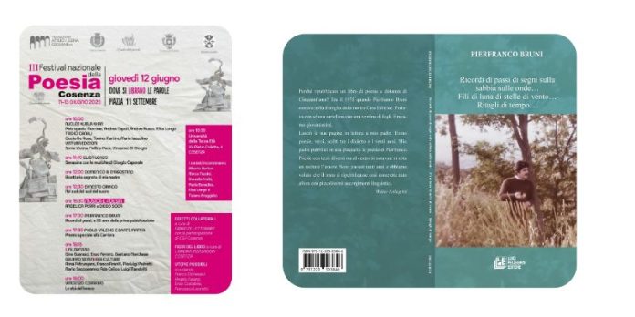 Un poeta a 50 anni dalla prima pubblicazione che viene riproposta con forti varianti e alcuni inediti. Pierfranco Bruni con “Ritagli di tempo…”, edito da Pellegrini in occasione proprio del cinquantesimo della prima edizione. Un viaggio nel tempo come la poesia enuclea… La sua presenza è fissata per il pomeriggio di giovedì 12 Giugno.
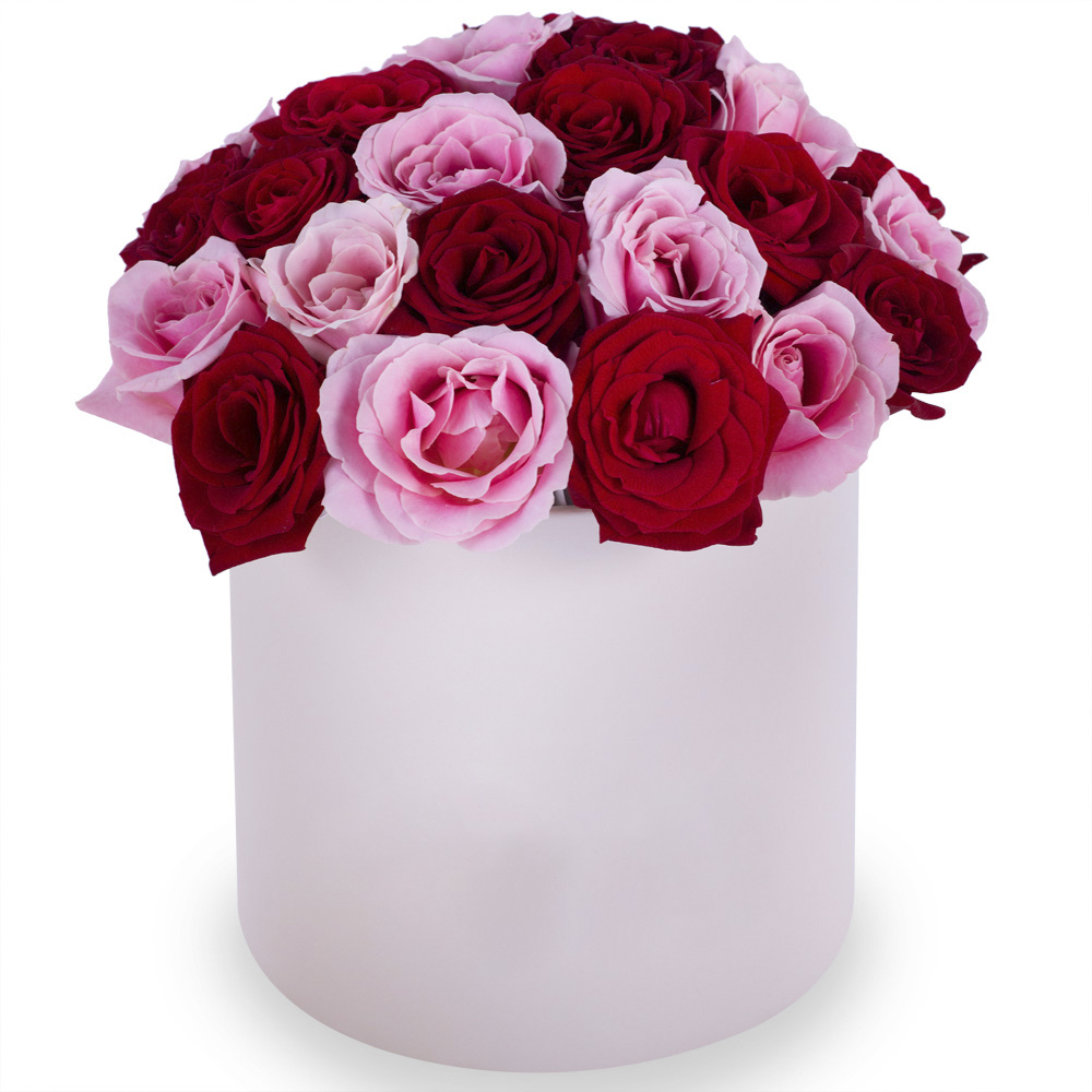 Букет из 35 разноцветных роз premium в кремовой шляпной коробке
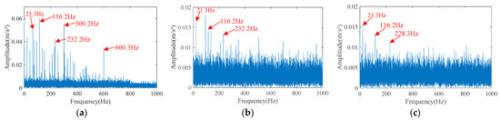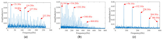 The envelope spectrum of the enhanced separated signals separated by EHVA. (a) Separated signal 1. (b) Separated signal 2. (c) Separated signal 3.

WHAT YOU HAVE TO DO ▸ Leaving the pictures behind, return every line above exactly.

ANSWER TO THE PROBLEM ▸
 Un poeta a 50 anni dalla prima pubblicazione che viene riproposta con forti varianti e alcuni inediti. Pierfranco Bruni con “Ritagli di tempo…”, edito da Pellegrini in occasione proprio del cinquantesimo della prima edizione. Un viaggio nel tempo come la poesia enuclea… La sua presenza è fissata per il pomeriggio di giovedì 12 Giugno.
 Букет из 35 разноцветных роз premium в кремовой шляпной коробке
 The envelope spectrum of the enhanced separated signals separated by EHVA. (a) Separated signal 1. (b) Separated signal 2. (c) Separated signal 3.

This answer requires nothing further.